Farming Butterflies

The wedding was beautiful, the natural harmony of the union symbolized by the release of a thousand white butterflies into the blue skies of a perfect afternoon. But was it "beautiful" for the butterflies?

Conservationists and most butterfly breeders want the same thing; healthy, robust butterflies populating the Earth. Yet, heated opposition divides the two camps. Conservationists believe the ceremonial release of farmed butterflies has an unknown potential to negatively impact native species.
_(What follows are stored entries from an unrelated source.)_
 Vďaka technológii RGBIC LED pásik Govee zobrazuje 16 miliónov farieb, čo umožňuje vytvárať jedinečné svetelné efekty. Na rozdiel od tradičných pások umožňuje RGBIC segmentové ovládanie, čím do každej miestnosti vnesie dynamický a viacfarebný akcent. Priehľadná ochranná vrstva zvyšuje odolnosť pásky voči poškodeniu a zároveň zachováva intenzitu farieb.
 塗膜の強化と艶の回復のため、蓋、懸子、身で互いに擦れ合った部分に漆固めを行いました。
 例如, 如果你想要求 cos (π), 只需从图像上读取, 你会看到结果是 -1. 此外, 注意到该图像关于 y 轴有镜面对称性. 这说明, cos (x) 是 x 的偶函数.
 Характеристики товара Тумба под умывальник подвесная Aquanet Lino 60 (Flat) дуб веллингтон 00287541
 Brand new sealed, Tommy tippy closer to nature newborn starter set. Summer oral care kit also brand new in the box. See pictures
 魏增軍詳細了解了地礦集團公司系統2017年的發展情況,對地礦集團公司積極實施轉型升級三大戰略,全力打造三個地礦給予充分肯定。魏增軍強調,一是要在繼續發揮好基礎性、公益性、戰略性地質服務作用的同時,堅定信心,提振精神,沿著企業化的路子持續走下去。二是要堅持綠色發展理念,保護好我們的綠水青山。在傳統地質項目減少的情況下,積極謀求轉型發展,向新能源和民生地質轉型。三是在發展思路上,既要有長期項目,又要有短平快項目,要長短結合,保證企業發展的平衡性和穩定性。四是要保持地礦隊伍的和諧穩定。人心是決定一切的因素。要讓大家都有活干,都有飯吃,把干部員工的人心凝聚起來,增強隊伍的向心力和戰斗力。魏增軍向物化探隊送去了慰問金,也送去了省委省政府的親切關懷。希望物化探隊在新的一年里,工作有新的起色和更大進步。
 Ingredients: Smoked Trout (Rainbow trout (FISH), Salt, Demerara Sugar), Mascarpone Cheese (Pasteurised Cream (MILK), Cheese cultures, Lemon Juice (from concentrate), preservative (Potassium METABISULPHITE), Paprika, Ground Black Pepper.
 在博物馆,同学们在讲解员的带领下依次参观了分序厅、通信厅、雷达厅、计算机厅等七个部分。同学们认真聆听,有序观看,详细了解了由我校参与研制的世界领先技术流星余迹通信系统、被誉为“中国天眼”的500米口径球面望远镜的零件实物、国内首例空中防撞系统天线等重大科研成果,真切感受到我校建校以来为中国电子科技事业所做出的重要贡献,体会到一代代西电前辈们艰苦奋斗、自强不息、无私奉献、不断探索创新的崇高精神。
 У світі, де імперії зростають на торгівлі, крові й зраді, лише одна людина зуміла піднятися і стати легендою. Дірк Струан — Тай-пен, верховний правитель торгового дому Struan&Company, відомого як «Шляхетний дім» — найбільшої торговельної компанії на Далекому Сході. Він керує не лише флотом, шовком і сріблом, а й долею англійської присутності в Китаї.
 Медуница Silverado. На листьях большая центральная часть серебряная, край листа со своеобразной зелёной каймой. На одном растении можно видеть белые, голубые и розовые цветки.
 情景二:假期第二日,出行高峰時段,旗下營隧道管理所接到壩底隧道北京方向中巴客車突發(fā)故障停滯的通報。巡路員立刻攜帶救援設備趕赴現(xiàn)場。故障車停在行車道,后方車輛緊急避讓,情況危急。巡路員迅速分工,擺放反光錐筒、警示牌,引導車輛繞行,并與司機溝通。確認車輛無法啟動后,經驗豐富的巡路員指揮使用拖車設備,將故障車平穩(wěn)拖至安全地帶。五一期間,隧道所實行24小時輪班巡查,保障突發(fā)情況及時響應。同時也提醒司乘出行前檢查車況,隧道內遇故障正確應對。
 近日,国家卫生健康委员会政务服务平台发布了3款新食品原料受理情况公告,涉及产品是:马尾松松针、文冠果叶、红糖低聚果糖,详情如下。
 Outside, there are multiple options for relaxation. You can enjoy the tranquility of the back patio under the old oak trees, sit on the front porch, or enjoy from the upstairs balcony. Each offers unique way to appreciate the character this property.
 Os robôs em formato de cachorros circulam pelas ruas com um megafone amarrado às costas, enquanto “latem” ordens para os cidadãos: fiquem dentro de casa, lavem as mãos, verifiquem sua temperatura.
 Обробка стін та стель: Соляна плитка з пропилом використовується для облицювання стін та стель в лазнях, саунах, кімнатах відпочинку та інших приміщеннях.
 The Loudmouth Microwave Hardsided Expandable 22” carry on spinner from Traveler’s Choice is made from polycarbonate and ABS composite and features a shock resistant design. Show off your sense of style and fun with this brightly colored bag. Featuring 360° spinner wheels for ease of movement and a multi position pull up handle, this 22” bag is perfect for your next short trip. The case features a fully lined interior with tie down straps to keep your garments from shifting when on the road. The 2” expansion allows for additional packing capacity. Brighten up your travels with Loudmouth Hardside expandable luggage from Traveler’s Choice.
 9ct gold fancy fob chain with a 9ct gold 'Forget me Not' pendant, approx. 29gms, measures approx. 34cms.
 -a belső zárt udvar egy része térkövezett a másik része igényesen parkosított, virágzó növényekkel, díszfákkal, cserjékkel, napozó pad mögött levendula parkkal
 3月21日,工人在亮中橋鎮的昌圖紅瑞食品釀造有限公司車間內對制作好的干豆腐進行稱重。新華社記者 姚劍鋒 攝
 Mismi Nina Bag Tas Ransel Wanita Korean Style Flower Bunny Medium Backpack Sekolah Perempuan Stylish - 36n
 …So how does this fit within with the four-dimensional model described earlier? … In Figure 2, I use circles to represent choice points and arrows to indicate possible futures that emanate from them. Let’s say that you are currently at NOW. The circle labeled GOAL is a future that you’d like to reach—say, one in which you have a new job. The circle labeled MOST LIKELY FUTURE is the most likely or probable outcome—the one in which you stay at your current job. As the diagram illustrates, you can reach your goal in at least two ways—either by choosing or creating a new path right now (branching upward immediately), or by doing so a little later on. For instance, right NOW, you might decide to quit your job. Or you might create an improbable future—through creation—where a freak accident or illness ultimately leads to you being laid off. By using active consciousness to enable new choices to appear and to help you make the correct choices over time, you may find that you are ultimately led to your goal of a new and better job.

Breeders believe their business not only enables a magical moment with nature, but helps to increase butterfly populations.

Although scientists agree that data are lacking on the effect of farmed butterflies on native populations, it’s the potential impact that drives the opposition. "Disease is the most serious threat," says Jeffrey Glassberg, president of the North American Butterfly Association (NABA). Glassberg says raising large numbers of butterflies in close quarters "fosters the spread and concentration of existing diseases and encourages the development of new ones." Scientists are also concerned that breeders may inbreed butterflies, potentially altering their survival behaviors.

NABA tells people who ask about releasing butterflies for weddings or other occasions that "this well-meaning but misguided practice
inappropriately mixes genetically distinct populations of the same species, may disrupt migratory behavior of native butterflies, confuses scientific studies of butterfly migrations and [because releases are at the wrong time of year or in the wrong location for the species] usually results in the untimely death of the butterflies released."

Ann Potter, wildlife biologist for Washington’s Department of Fish and Wildlife, explains that it is difficult to study the behavior and movement of native butterflies when scientists cannot determine whether individuals are naturally present or released. "It makes research problematic," Potter says.

Some breeders, such as Christopher Singer, founder of the Live Monarch Foundation, welcome scientists to team up with them. Singer’s butterflies are raised from eggs laid by wild-born gravid females, then released. He works with scientists who mark and track the insects.

Most agree that releasing farmed butterflies has some kind of an impact on the environment. But the exact nature of that impact is yet undetermined. Andrea Schepmann, management and horticultural specialist for the Krohn Conservatory in Ohio, concludes, "It falls to all of us, as organizations, scientists and communities, to pull together, to continue to track butterflies and their habitat, so all of our long-term records will fit together to give us an accurate picture to work with."